For the first process, the gas is heated reversibly so that the internal pressure is constantly equal to the external pressure (atmosphere + load). The amount of work done by the gas in this reversible process is $ W=p \Delta V $.
For the second process, the piston is pinned at its initial height, and the gas is heated at constant volume. Once the gas is heated sufficiently, the pins are removed and the gas is allowed to expand irreversibly and adiabatically against the constant external pressure (atmosphere + load). For this set of processes, the work done by the gas is still $W = p \Delta V $.
The initial and final states of the two processes are the same, so $ \Delta U $ for the two processes must also be equal. Because $\Delta U$ and $W$ are equal, the heat transfer into the gas must also be equal.

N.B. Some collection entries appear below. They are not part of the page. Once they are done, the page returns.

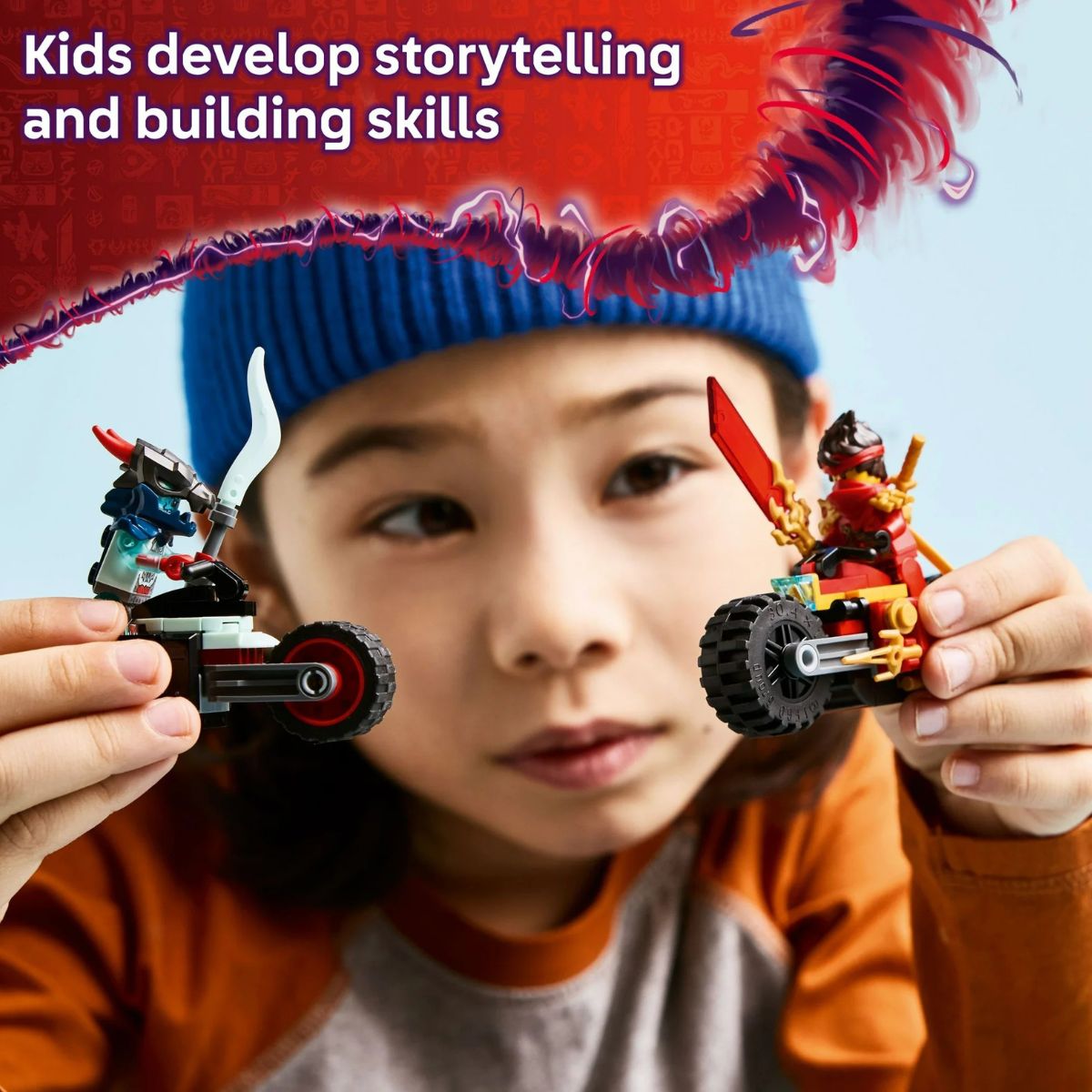 - The LEGO® NINJAGO Kai's Motorcycle Speed Race (71838) lets children 6 years old and up command Kai's chase against the Spectral Dragonian Scout from NINJAGO Dragons Rising Season 3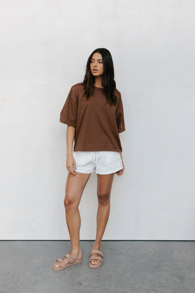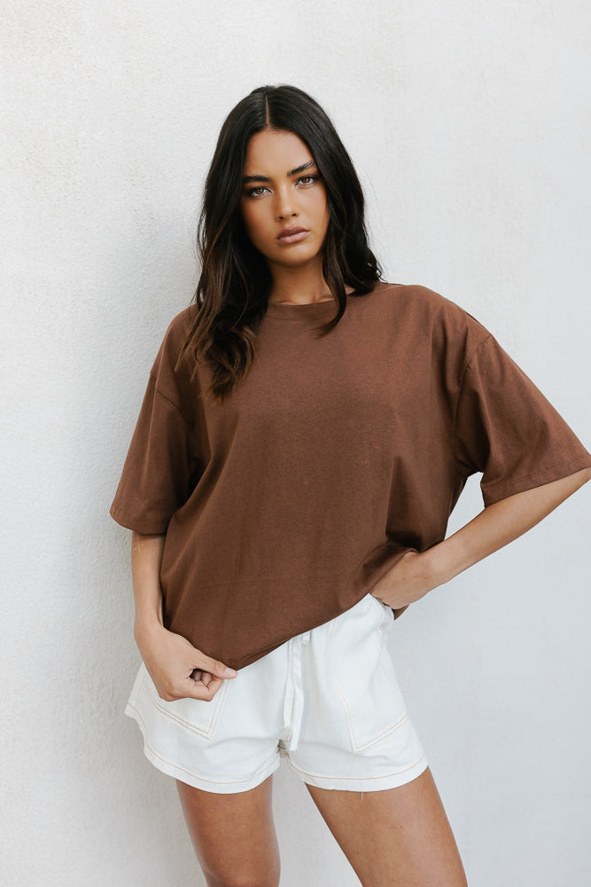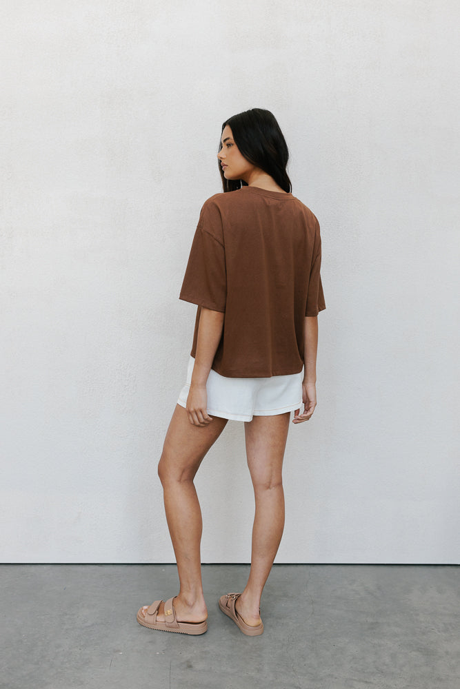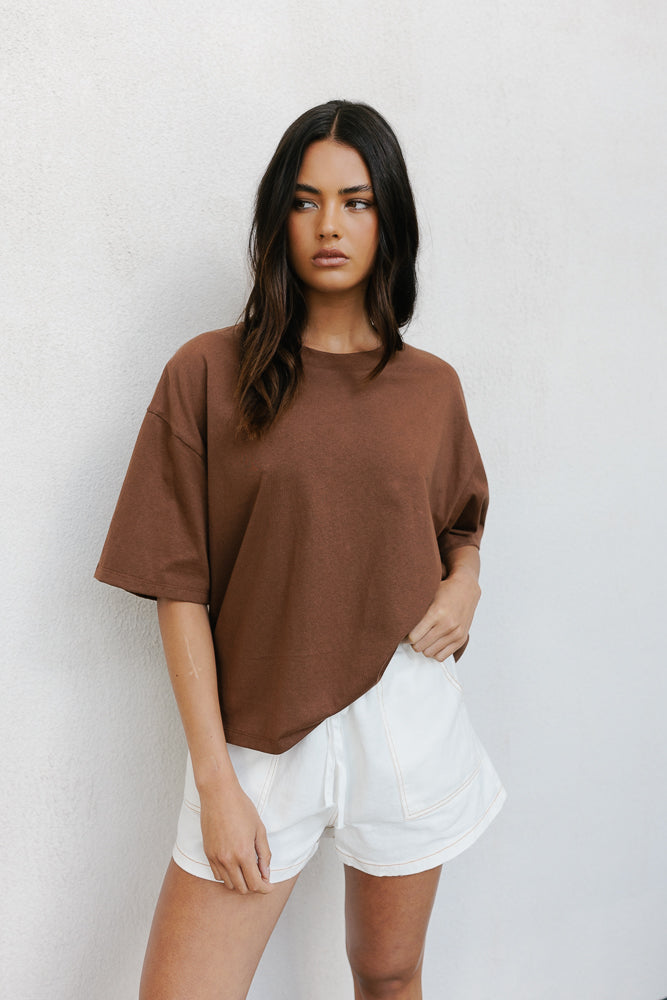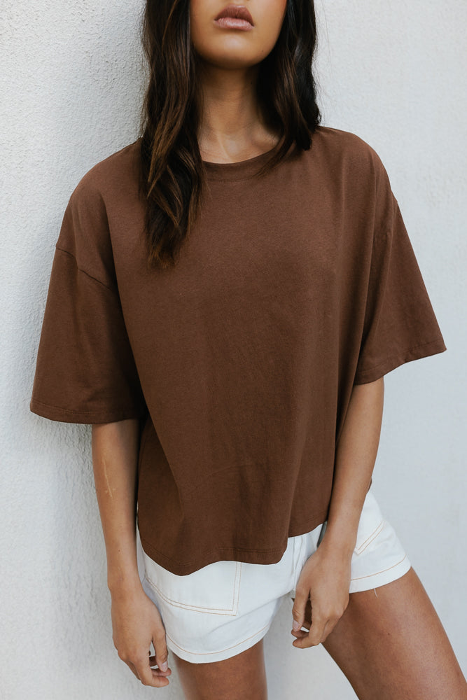 Our Kell T-shirt is a capsule wardrobe staple. This go-to features a classic round neckline + ultra relaxed, boxy silhouette. Blend comfort + style, she is perfect for everyday wear + will style into your wardrobe with ease.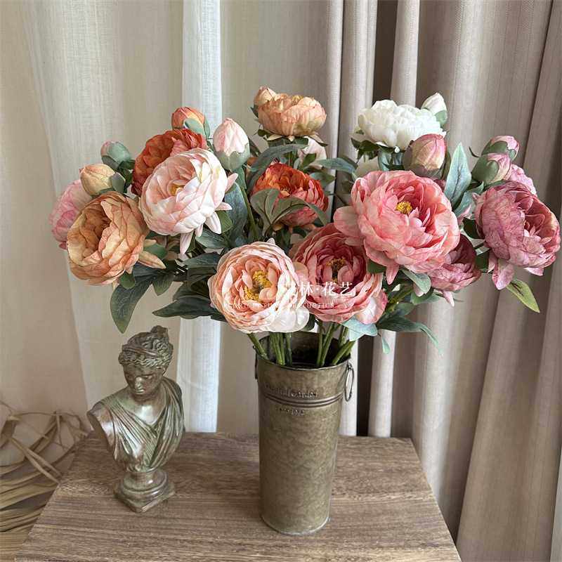 婚礼牡丹仿真花客厅摆设电视柜假花芍药插花绢花餐桌花艺法式摆件

So my question is: Am I correct that the heat and work involved in these two processes, one which is a single-step reversible process and another which is a two-step irreversible process, are equal? Am I missing something in this analysis? This seemed surprising at first glance, though after I considered what these processes might look like on a $p-V$ diagram they seemed to be roughly the same. For the two-step irreversible process, the gas pressure isn't well-defined, but one could imagine that once the pins are removed, the local pressure next to the piston head would be roughly equal to the external pressure throughout the process, and so the fact that the two work values are the same perhaps makes sense.